Philippine govt taking closer look at new Chinese law

Philippine govt taking closer look at new Chinese law
In this photograph taken in June 2014 a military personnel stands on the beach at Thitu island (Pag-asa) which hosts a small Filipino town as well as an airstrip used for civilian and military flights in the disputed Spratly islands in the South China sea.

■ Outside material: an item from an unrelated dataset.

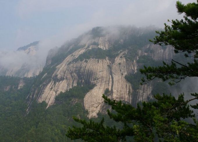 玉筍雄峰。和跑馬梁一樣,因為巖株——一種不和諧的侵入巖體,上升的巖漿沖擊覆蓋其上的地層,地層便向上隆起,形成圓頂狀,當(dāng)圓頂狀之上的地層被剝蝕,即形成的圓形山頂。形狀象玉筍,又如常娥奔月,且歌且舞,靈秀優(yōu)美。

The Philippines and China have overlapping claims in the South China Sea.

The Philippine Department of Foreign Affairs (DFA) is looking into reports that a new Chinese law would step up military security in its territorial waters.

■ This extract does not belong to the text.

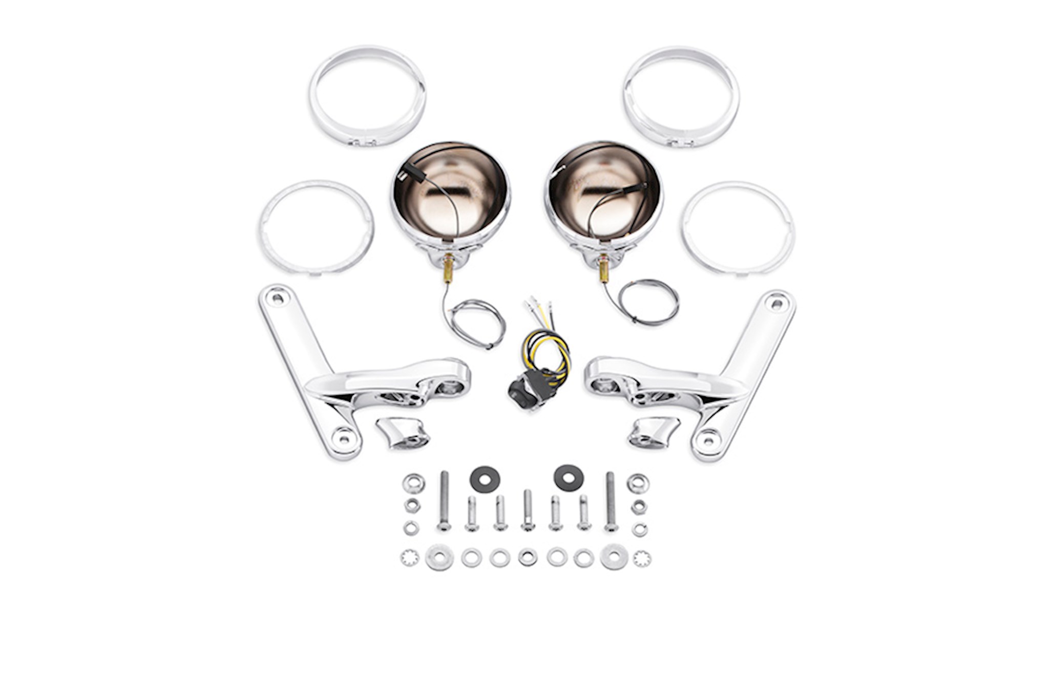 Shaped by the wind, this Auxiliary Lighting Kit follows the contours of the triple tree and headlamp shell for a custom look. The elegant cantilever brackets serve as stylized mounting points for the passing lamp and turn signal housings and eliminate the cross brace and flat side supports of traditional auxiliary lamps. Fits '06-'13 FLHX models. Kit includes passing lamp housings, retaining rings, mounting brackets, auxiliary lamp switch and hardware. Auxiliary Lamp Bulbs and Bullet Turn Signal Kits sold separately.

DFA spokesman and Assistant Foreign Secretary Charles Jose on Monday said the DFA was studying the implications of the new Chinese law to the Philippines.

The South China Morning Post reported last week the Standing Committee of China's National People's Congress had enacted a Law of the People's Republic of China on the Protection of Military Installations, set to be implemented on Aug. 1.

The new law "would step up protection of China's military facilities and its territorial waters following reports of inadvertent intrusions into restricted zones and concerns about spying."

The Philippines and China have overlapping claims in the South China Sea.

China claims the entire South China Sea with its 10-dash rendition of its maps.

The Philippines has brought China's claim for resolution to the UN arbitration tribunal and has filed many protests against Beijing's aggressive expansion moves in the disputed waters.